▸ **Prompt**
The required output is the exact run of lines from the one that contains "英国アンティーク/ビンテージ ロケット ペンダント" to the end of the data, with every picture left out.

▸ **Information provided**
┏━━

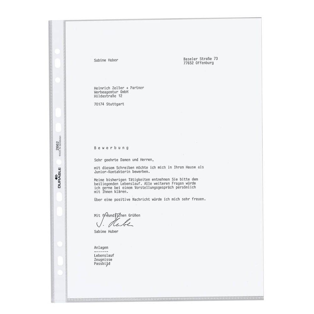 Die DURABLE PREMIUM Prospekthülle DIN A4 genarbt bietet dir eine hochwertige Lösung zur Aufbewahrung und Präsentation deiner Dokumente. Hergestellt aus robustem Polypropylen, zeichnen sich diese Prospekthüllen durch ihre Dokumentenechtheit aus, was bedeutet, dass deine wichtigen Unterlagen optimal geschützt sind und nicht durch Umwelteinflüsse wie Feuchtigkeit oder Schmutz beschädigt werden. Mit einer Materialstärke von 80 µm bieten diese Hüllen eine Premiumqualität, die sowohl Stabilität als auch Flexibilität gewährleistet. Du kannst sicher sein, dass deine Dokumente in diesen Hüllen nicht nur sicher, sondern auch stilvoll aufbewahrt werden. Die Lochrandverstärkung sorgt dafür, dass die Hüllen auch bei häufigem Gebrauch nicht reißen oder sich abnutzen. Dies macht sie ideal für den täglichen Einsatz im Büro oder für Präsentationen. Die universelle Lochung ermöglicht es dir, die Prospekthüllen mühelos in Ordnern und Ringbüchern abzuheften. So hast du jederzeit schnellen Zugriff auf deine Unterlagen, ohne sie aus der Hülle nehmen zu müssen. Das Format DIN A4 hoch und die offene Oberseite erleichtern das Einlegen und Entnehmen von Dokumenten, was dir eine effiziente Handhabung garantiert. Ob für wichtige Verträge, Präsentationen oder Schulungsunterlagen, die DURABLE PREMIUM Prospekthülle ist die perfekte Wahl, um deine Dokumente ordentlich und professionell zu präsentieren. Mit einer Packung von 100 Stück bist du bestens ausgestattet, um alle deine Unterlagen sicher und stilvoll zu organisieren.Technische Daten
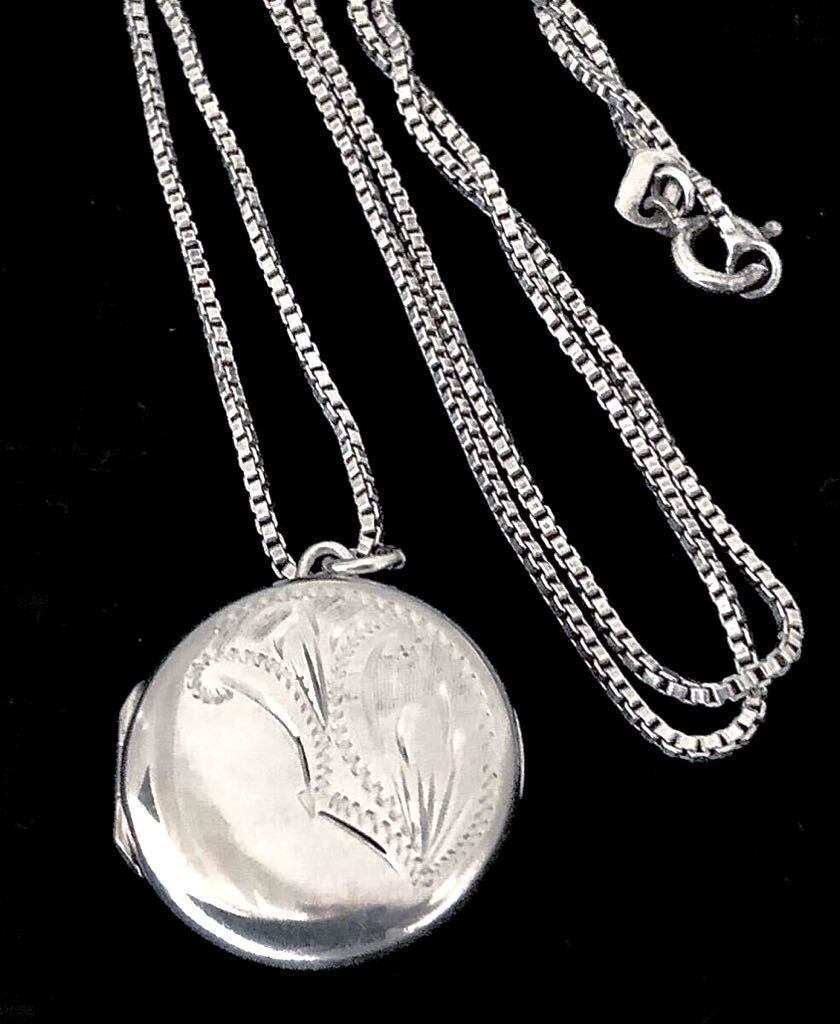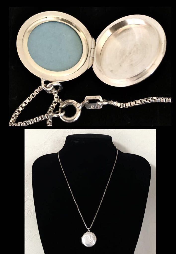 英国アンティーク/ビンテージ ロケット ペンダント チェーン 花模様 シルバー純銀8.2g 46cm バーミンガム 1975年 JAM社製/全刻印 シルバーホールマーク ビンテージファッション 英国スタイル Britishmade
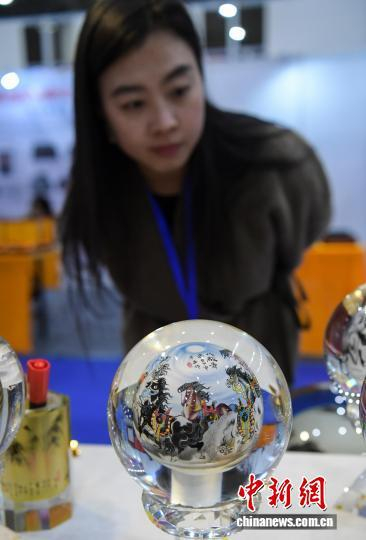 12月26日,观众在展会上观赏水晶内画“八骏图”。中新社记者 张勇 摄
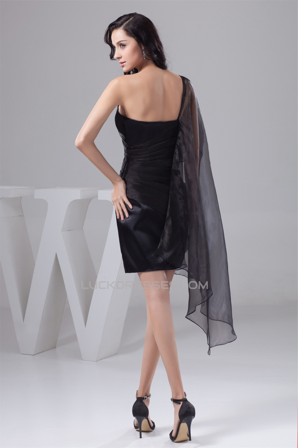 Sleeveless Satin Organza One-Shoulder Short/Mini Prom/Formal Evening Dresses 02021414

┗━━

▸ **Output for this exercise**
 英国アンティーク/ビンテージ ロケット ペンダント チェーン 花模様 シルバー純銀8.2g 46cm バーミンガム 1975年 JAM社製/全刻印 シルバーホールマーク ビンテージファッション 英国スタイル Britishmade
 12月26日,观众在展会上观赏水晶内画“八骏图”。中新社记者 张勇 摄
 Sleeveless Satin Organza One-Shoulder Short/Mini Prom/Formal Evening Dresses 02021414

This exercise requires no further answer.